DATASET CONTENT →
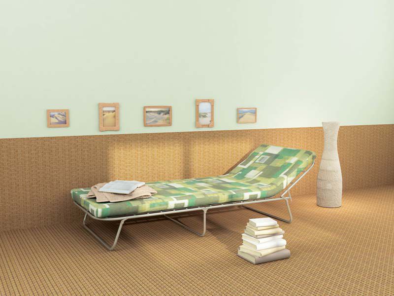 Матрас съемный, толщиной 50 мм. Наполнитель матраса - поролоновая крошка, ткань матраса - бязь. Матрас крепится на силовой ткани, растянутой по периметру рамы на стальных пружинах. Это специальная пропиленовая ткань, которая отличается особой прочностью, устойчивостью к вытягиванию и к влаге.
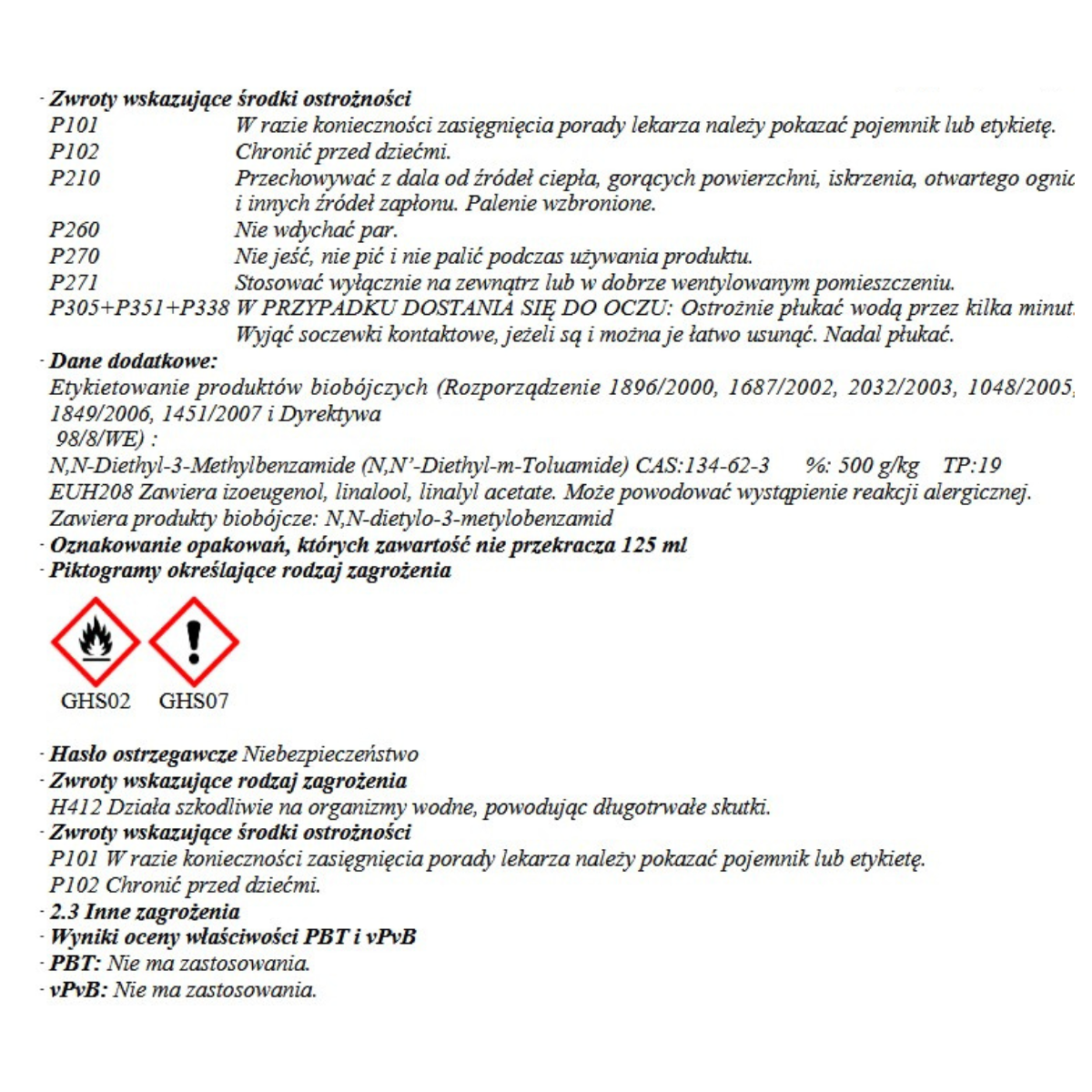- DEET 9,4% N,N-Diethyl-meta-toluamide 500 g/L
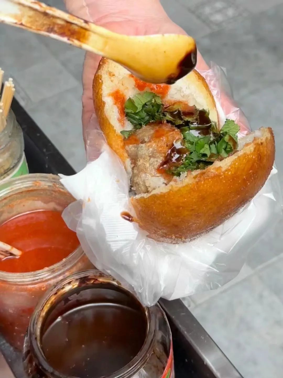 @ 沃里克大街捧在手里边逛边吃,外层的馒头被炸得松松脆脆,里层的臭豆腐绵软喷香,带着酱汁的甜蜜蜜,辣乎乎,口感层层叠加,私心觉得美味不输汉堡!

TASK GOAL → After removing the pictures, transcribe the listing above exactly.

EXPECTED ANSWER →
 Матрас съемный, толщиной 50 мм. Наполнитель матраса - поролоновая крошка, ткань матраса - бязь. Матрас крепится на силовой ткани, растянутой по периметру рамы на стальных пружинах. Это специальная пропиленовая ткань, которая отличается особой прочностью, устойчивостью к вытягиванию и к влаге.
- DEET 9,4% N,N-Diethyl-meta-toluamide 500 g/L
 @ 沃里克大街捧在手里边逛边吃,外层的馒头被炸得松松脆脆,里层的臭豆腐绵软喷香,带着酱汁的甜蜜蜜,辣乎乎,口感层层叠加,私心觉得美味不输汉堡!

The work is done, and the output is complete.